Can OCR Handle My Handwriting in 2024?

A quick experiment using four readily available options.

I tend to be one of the archivists in my family: photos from the 70s, my notes from undergrad, last week’s car maintenance invoice…you name it, it’s somewhere on my drive.

Recently I was trying to find something based on the contents of a file (for example, show me PDFs that say “Formula” somewhere on one of the pages) and realized that my digitization habits from 10+ years ago were…inconsistent, at best. Many of the scans I did at that time were saved as images, so there’s no way to search these for text without opening each image one at a time.

At first, it seemed like a good time to convert a lot of these old images to PDFs…with recent advances in AI technology and amazing smartphone features like grabbing text from photos with the press of a finger, I figured that most OCR technology must be well past the point of being able to recognize my handwriting consistently. (Additionally, a weird flex: I’ve been told my entire life that my handwriting is quite good, which only boosted my confidence that there would be a useful solution here.)

But it turns out that in this space, results still vary dramatically…so let’s take a closer look.

A classic pangram

We’ve probably all seen it before.
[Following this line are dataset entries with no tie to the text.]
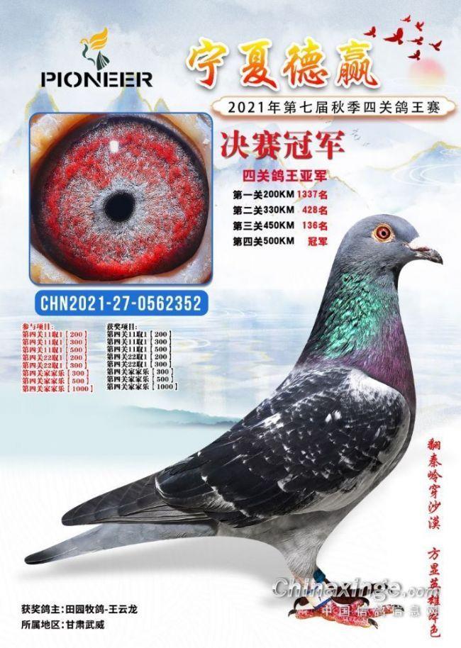 老品牌四关鸽王赛独树一帜,六关三越秦岭打造铁血战鸽!宁夏德赢赛鸽秋棚2021年打了四关正赛,又加战两场,尽显英雄本色!在决赛中,4161羽德赢战鸽从陕西洛南县启程,越秦岭穿沙漠,快速归巢。甘肃武威田园牧鸽-王云龙27-0562352雨点鸽率先入棚,以1135.6669米/分的分速夺得决赛冠军,同时赢得多项指定冠军、综合四关鸽王亚军。这羽赛鸽可谓步步为营,一路飞升,从首关千名开外,到二关500名之内,再到三关136名,最终决赛一战成名一举夺冠!
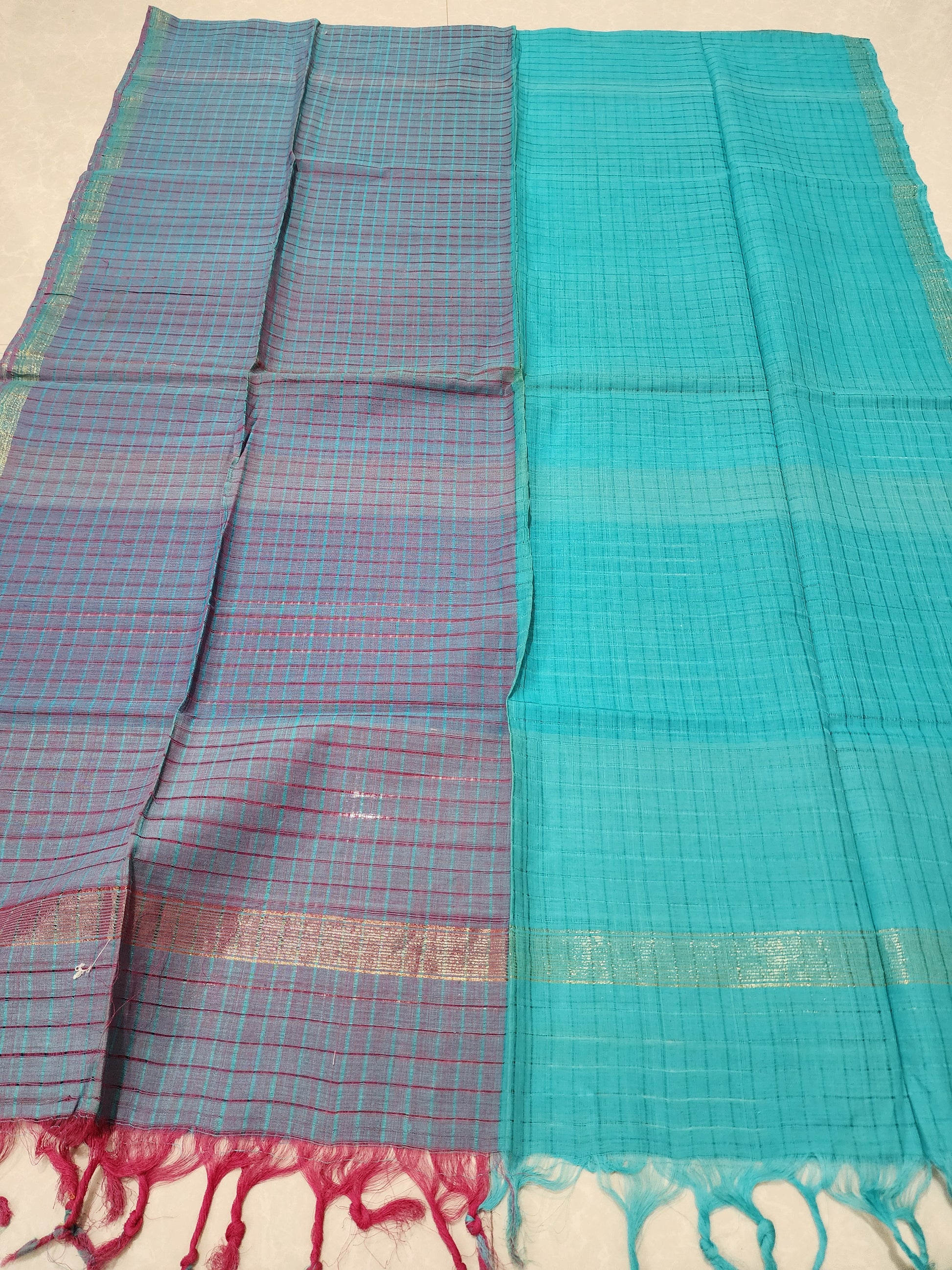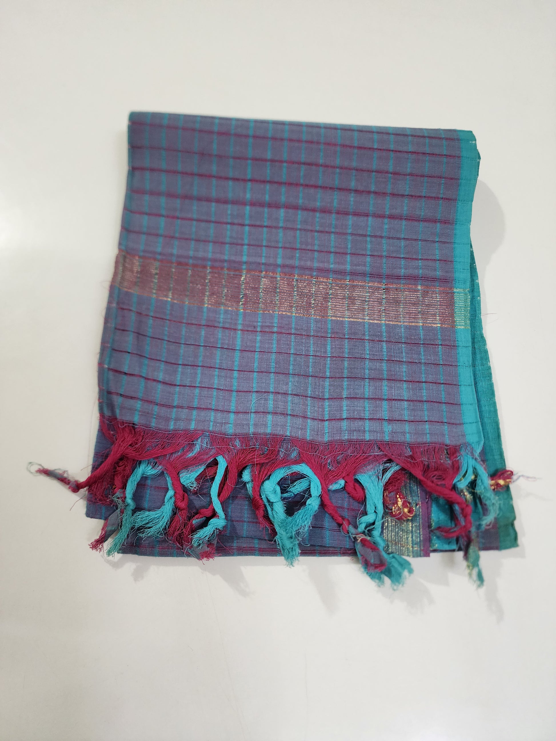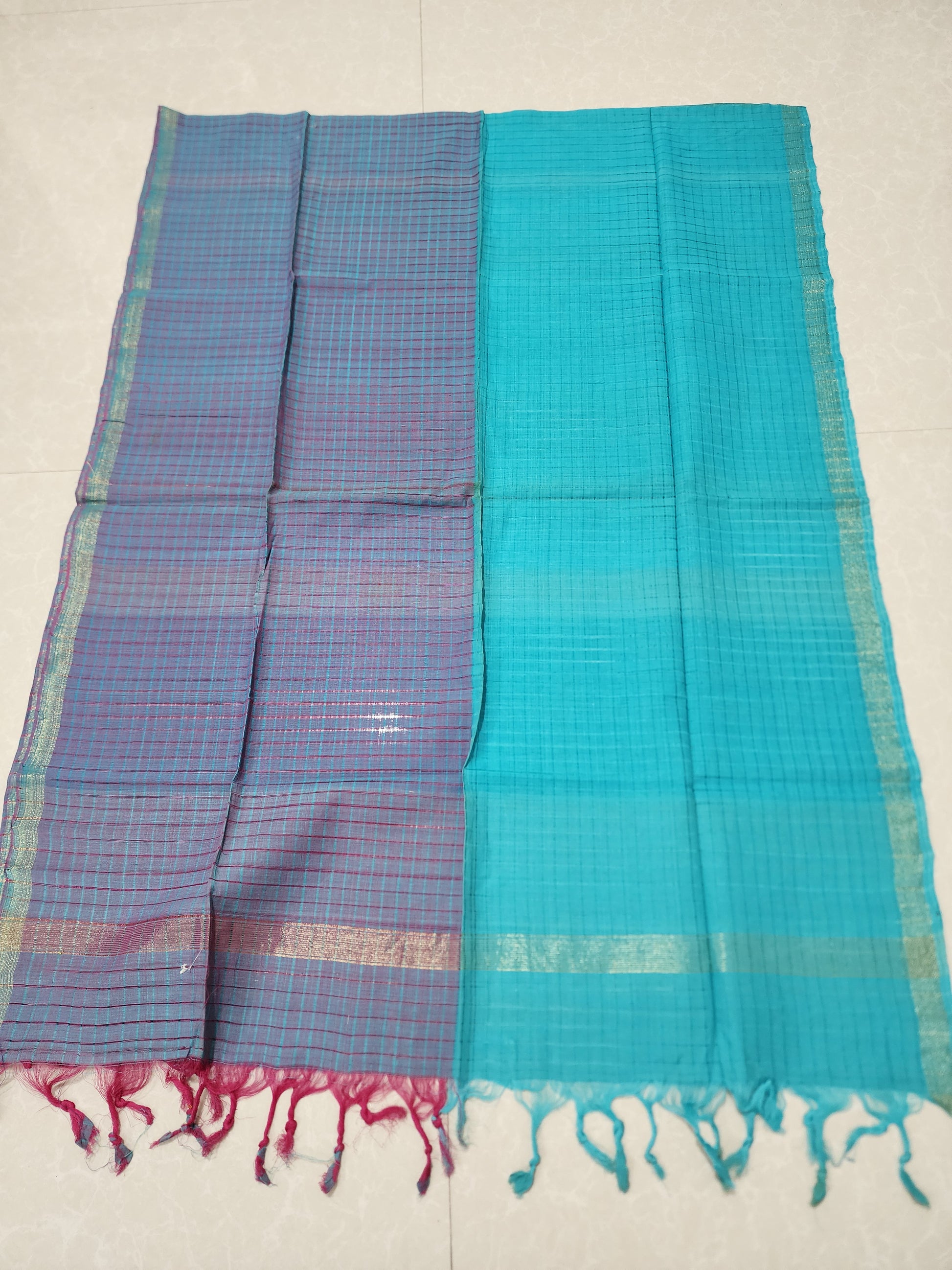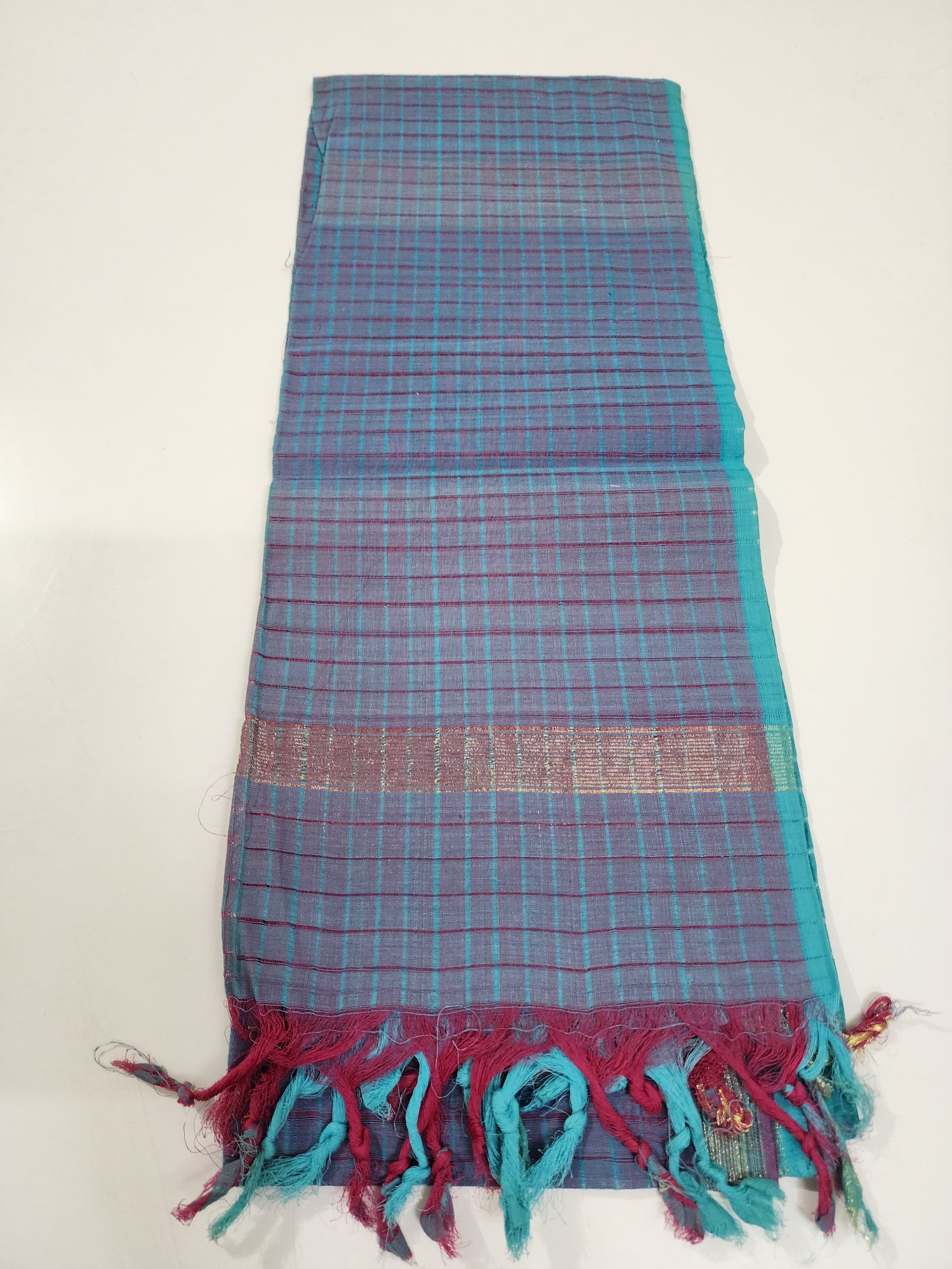 Handloom light and dark blue checks Dupatta
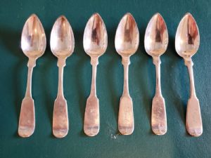 Fine set of 6 American Antique coin silver dessert spoons bearing hallmark of Gale, Hughes & Wood, New York. Ca 1840.
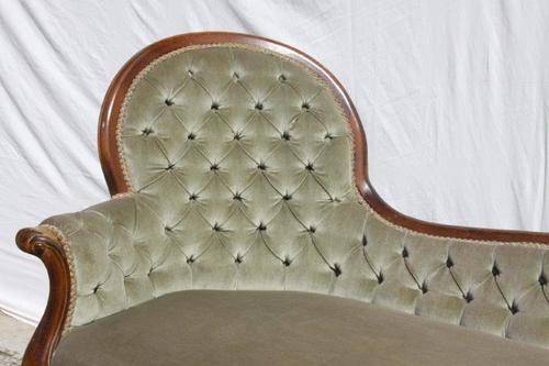 WE ARE OFFERING AN ABSOLUTELY MAGNIFICENT VICTORIAN CARVED SOLID WALNUT CHAISE LOUNGER IN PRISTINE CONDITION FOR THE AGE! THE CHAISE IS FIRM AND STABLE AND VERY HEAVY (SOLID), THE WOOD IS PRISTINE AND THE FABRIC IS PRISTINE! THIS CHAISE LOUNGER IS IN A LEAGUE OF IT'S OWN AND ABSOLUTELY STUNNING! THEY WORK SO WELL IN A DRESSING ROOM, IN FRONT OF A BED OR ON A PATIO FOR READING AND RELAXING!
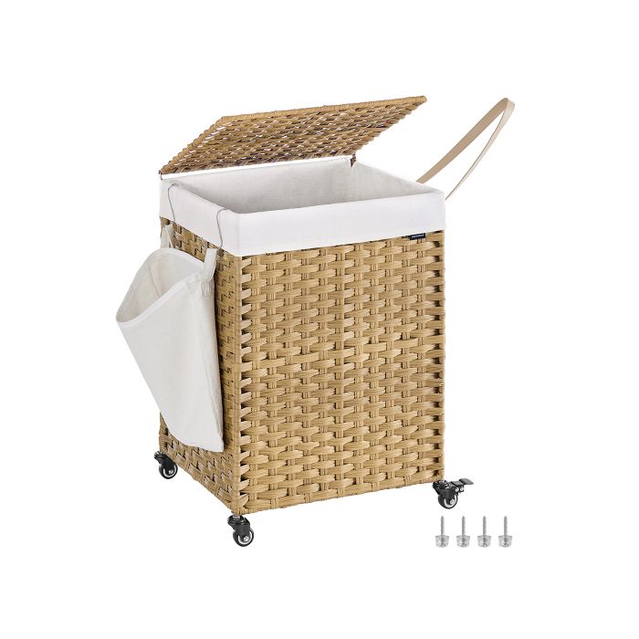 Laundry Basket - TARRIA Rolling Hamper 120L with Lid - Natural
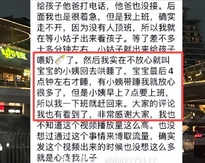 她当场就给孩子爸打电话催,可怎么催都没用,还是迟迟没人出现,最后她实在没办法,只能让自己的妹妹连夜赶过去顶上,守着孩子一直到凌晨四点,孩子才终于睡着,争议真正卡住的点,其实就卡在这儿,孩子到底是自己待了几分钟,还是十多分钟。
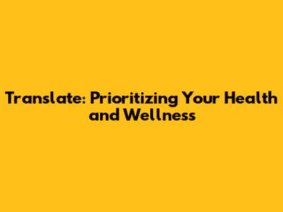 Translate: Prioritizing Your Health And Wellness
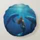 Beautiful Mermaid Swimming With Humpback Whales, Round Cushion
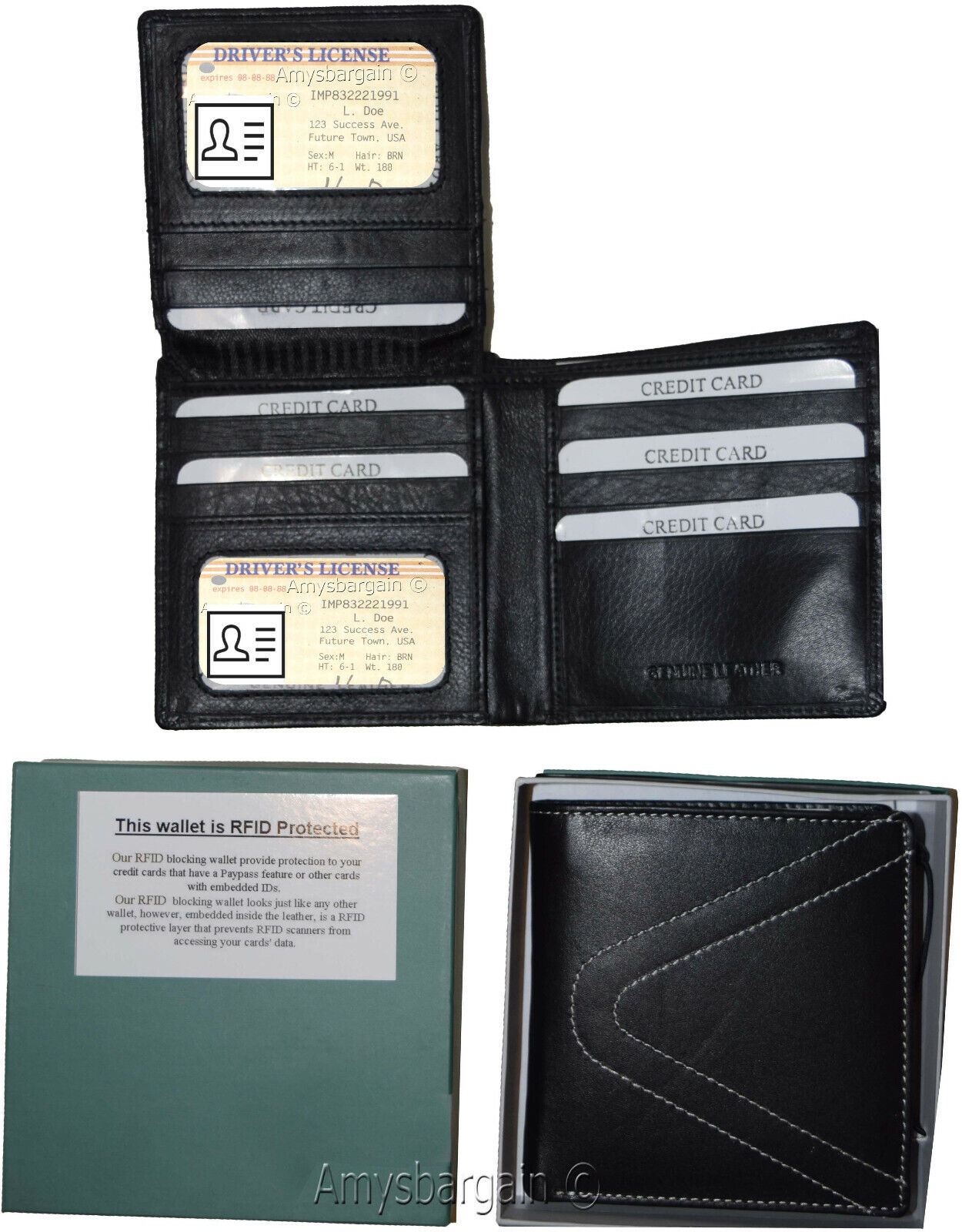 RFID men's hipster wallet genuine leather bifold 15 card 2 IDs new wallet in box.
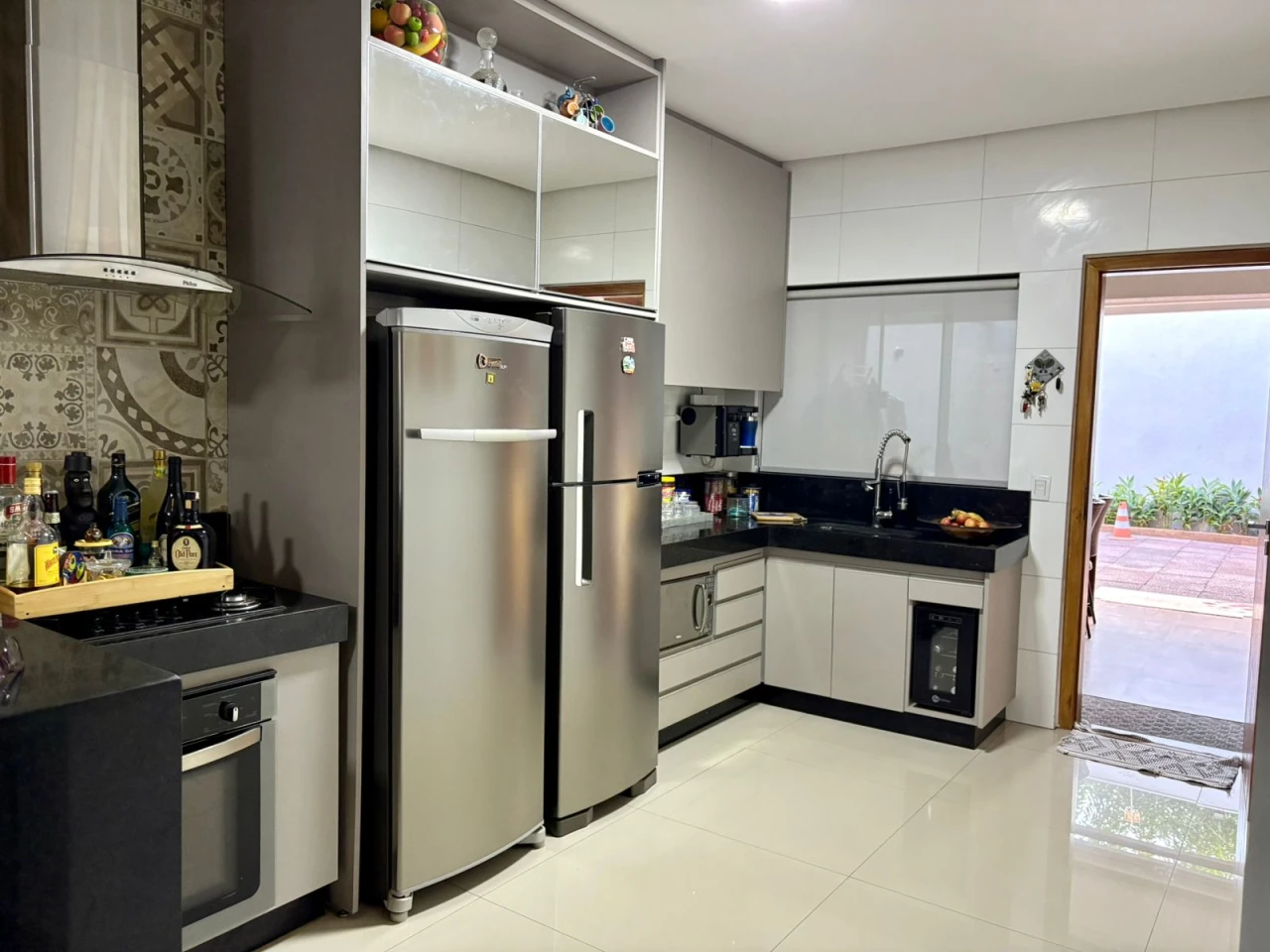 - Área gourmet com fogão, depurador de ar, churrasqueira, armários da cozinha, sala com painel, energia solar, boiler para água aquecida, lavanderia, ducha e quintal.
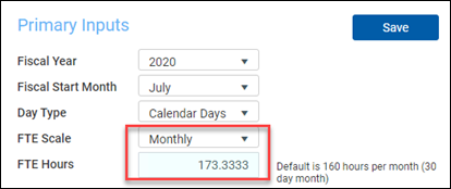 In the FTE Scale drop-down, select Monthly.
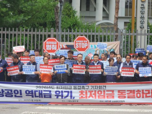 송치영 소상공인연합회 회장은 고용부 정문 앞에서 열린 최저임금 동결 촉구 기자회견을 열고 "전국 소상공인을 대표해 최저임금위원회에 내년 최저임금 동결을 강력 촉구한다"며 "일시적으로라도 동결해 소상공인 회복 시간과 반전의 모멘텀을 제공해야 한다"고 말했다.
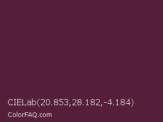 CIELab 20.853,28.182,-4.184 Color is a dark rose color and the nearest color is Wine Berry #591d35. Hex code #551f39 and RGB value is rgb(85,31,57). In RGB color space, this color is composed of 33% red, 12% green, 22% blue, In CMYK color space, this color is composed of 0% cyan, 64% magenta, 33% yellow , 67% black , In HSL color space, this color has a hue angle of 331° , 47% saturation and 23% lightness.
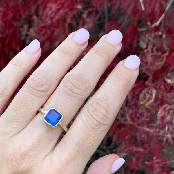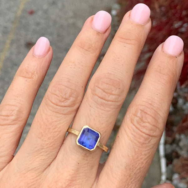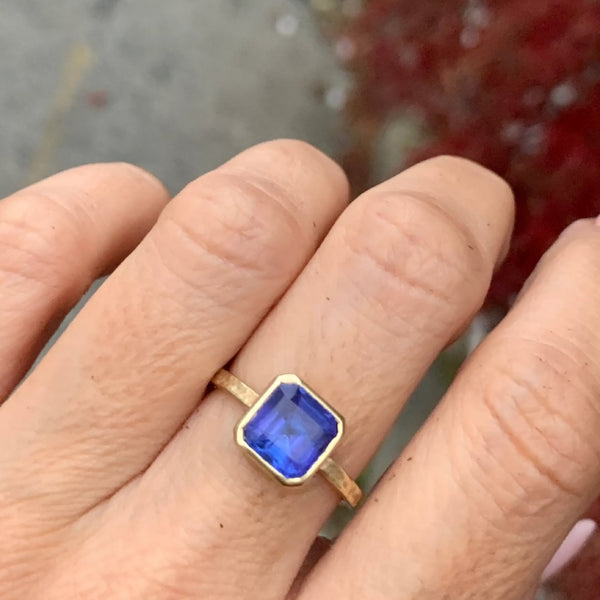 This deep purple tanzanite ring is a beautiful statement for everyday. A traditional Ascher cut it is set in our custom made brushed 14k setting. Finished on a hammered solid gold band, you won't want to take this little beauty off.
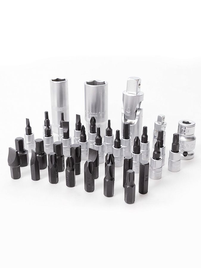 Инструменты из данного набора отличаются износостойкостью: биты изготовлены из высококачественной инструментальной стали S2, а остальные предметы из прочной хромованадиевой стали.
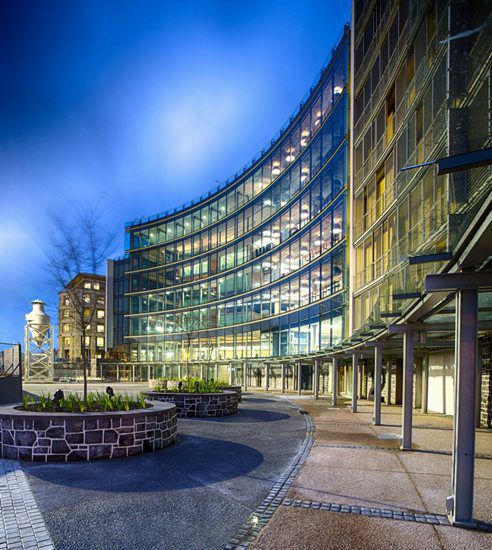 坐落于维多利亚与阿尔弗雷德海滨的第一Silo办公大楼于2013年完工,总价值约为十亿。绿色评级考察了多种集成创新。如灰水系统、用于节约饮用水的低流量配件等。建筑内制冷机的热能用于水的加热。海水则作为冷却装置的一部分用于吸收热量。

Here it is from my hand to your eyes:

The quick brown fox jumped over the lazy dog.

Let’s nitpick to give OCR the benefit of the doubt: the e in over could be mistaken for c, and the z in lazy is squeezed. Feel free to judge the quality in other ways before looking at the results below.

I tested four programs that were readily available to me with very little effort (and if you know of others that would outperform all of the below methods, I would love to hear about them):

Epson ScanSmart (came with my scanner)
OCRmyPDF (open source, based on Tesseract OCR)
Adobe Acrobat
macOS Preview

All I did was use each program’s built-in method for adding OCR data to the file, then highlighted, copied, and pasted the resulting text below.

Results

Let’s see how each program did…

Epson ScanSmart

00}kck brovin-Gxi'velpe_ciovcr 4-k. 100/do3.

Comments: not close, pretty useless. A painful start to finding a solution!

OCRmyPDF

The Quick brown 40x _yerped over

Comments: “yerp!” Pretty funny misinterpretations here — you can see how fox could feasibly be fuzzed to 40x. Still, objectively a lot better than Epson’s software.

Adobe Acrobat

-C-~e.<.\_v\ck brovri ..fuxjvr,pe....roJv.e...r ~ 'O{Jd..oI~.

Comments: no, seriously…that’s it. Adobe OCR is completely useless when it comes to my handwriting. I was so shocked that I even tried the Adobe Scan app that Adobe recommends in their own article on the topic, and the result was still total gibberish.

macOS Preview

The quick brown fox jumpedover the laz dog.

Comments: finally, something close! It’s quite reasonable to interpret no space between “jumped” and “over”, and we lost the “y” in lazy thanks to my lazy “z”. Otherwise, perfect…we have an early winner.

Bonus: Mathpix

Mathpix has a very limited free tier, but luckily one single PDF doesn’t go over the limit. Results: The quick brown fox jumped over the lazy dog.

Comments: absolutely perfect…but as far as I can tell, you can only download the original PDF back to your machine without the OCR data attached, so it’s not a candidate for us. (Looks incredibly useful for conversions to LaTeX or Markdown, however.)

Conclusion

It’s painfully clear now that some OCR solutions are still only optimized for standardized computer fonts, so I’m continuing to research possibilities for bringing my old digitized, handwritten notes into 2024 and making them text-searchable. Right now the frontrunner is using macOS Preview to re-export each PDF with embedded text data, but it sure would be nice to find something scriptable and/or open source. If you have any tips, tricks, or suggestions for a workflow, feel free to share them.